We knew. How could we fail to? Almost every day reports come through to Moscow of abductions, war, murders, piracy and ransom demands. The tiddler republic of Ingushetia - part of the Russian Federation - is next- door to the breakaway republic of Chechnya, where three British telephone engineers and a New Zealander are held hostage, after being seized by armed men in the Chechen capital, Grozny, a month ago.
The 300,000 Ingush regard the Chechens as cousins who have a similar language, and who share Islam and a bloody, but ambivalent, history of conflict with Russia. It seemed a good place to ask questions about the four men, especially as the republic's president, Ruslan Aushev, had invited us to the ceremony marking the opening of his new capital, to which top Chechens were expected.
Flights from Moscow to Nazran were full. We decided to go by road. But first we needed to know that we could safely slip in and out of the place, without hiring guards armed with sub- machine-guns.
Which was why we had come to Mineralnye Vody in Stavropol. It is a regional transport hub, sitting on the highway that runs diagonally from southern Russia down to Azerbaijan on the western shores of the Caspian Sea. En route, it passes through Grozny, Chechnya's wild and bandit-plagued capital, and - 50 miles to the west - there is the slightly more law-abiding town of Nazran.

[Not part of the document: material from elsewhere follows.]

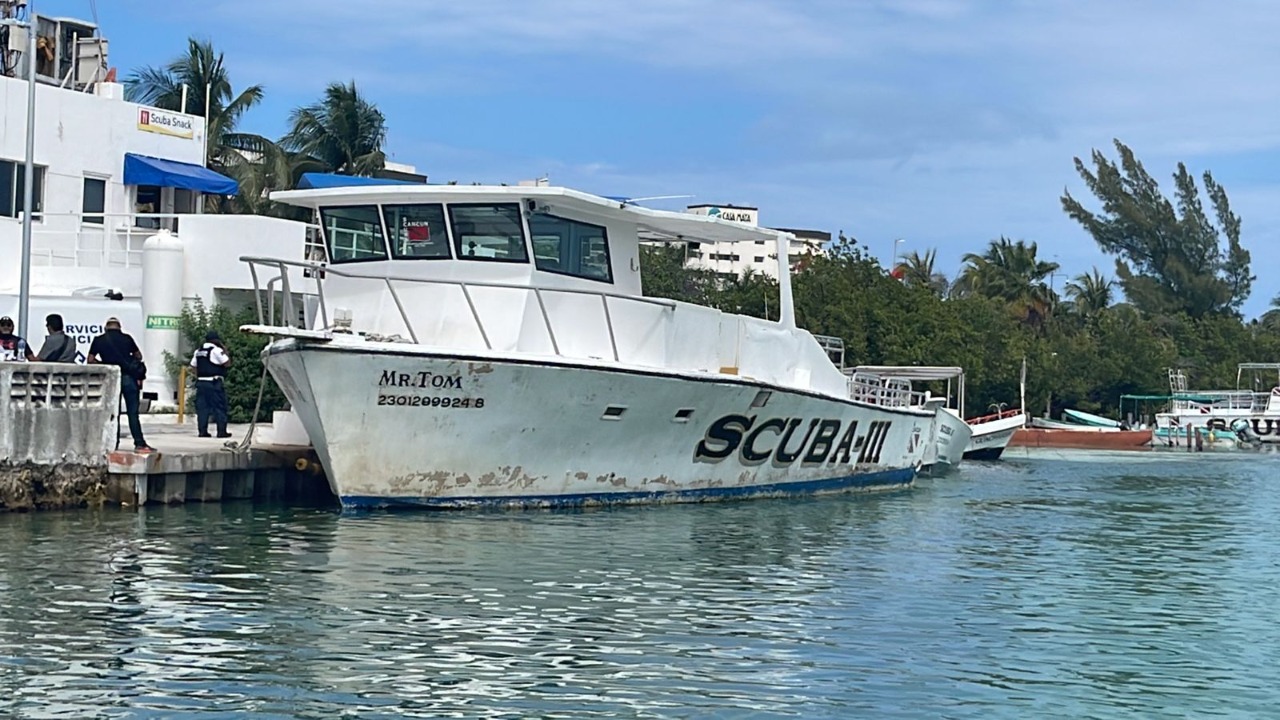 Dichos hechos se reportaron este viernes en la zona donde está hundido el “Cañonero C-55”, ubicado a unas 7.5 millas náuticas de Isla Mujeres cuando ambos extranjeros fueron sorprendidos por la embarcación “Mr. Tom” de la empresa Scuba III con matrícula 23012999248.

After a few minutes of thought, Valodya announced that he would take us to Nalchik, which is in the neighbouring republic of Kabardino-Balkaria. There, he would find us a reliable driver and recruit him to take us into the republic. "Don't worry," he concluded, "you will be my guests." The last point was important: if anyone let us down, it would be an affront to his hospitality; they would have to answer to him. Good, said my colleague Olga.
It is a strange feeling, the knowledge that, at least theoretically, there is a price on your head. We swapped Valodya's taxi for a battered 16-year-old Lada, and were approaching the Ingush border. I was trying to look as Caucasian (and as worthless) as possible, by lounging in the back seat in an old blue jumper, and pretending to doze every time we passed through police checkpoints. Olga - who, as a Russian, is also a good catch for a commercial kidnapper - was sucking a boiled sweet and knitting.
We eventually arrived. We spent but six hours in Ingushetia, enough time to ask some questions and get out before dark. We saw only two other Westerners there, both ringed tightly by men in army fatigues carrying Kalashnikovs.
As we sped out of the area, we were suddenly flagged down by a man in paramilitary uniform. Concerned, I leapt out of the car to explain that we were journalists, heading for safer climes. "What do I care," he replied, curtly. "You crossed the central white line back there, and that's illegal. Twenty roubles, please."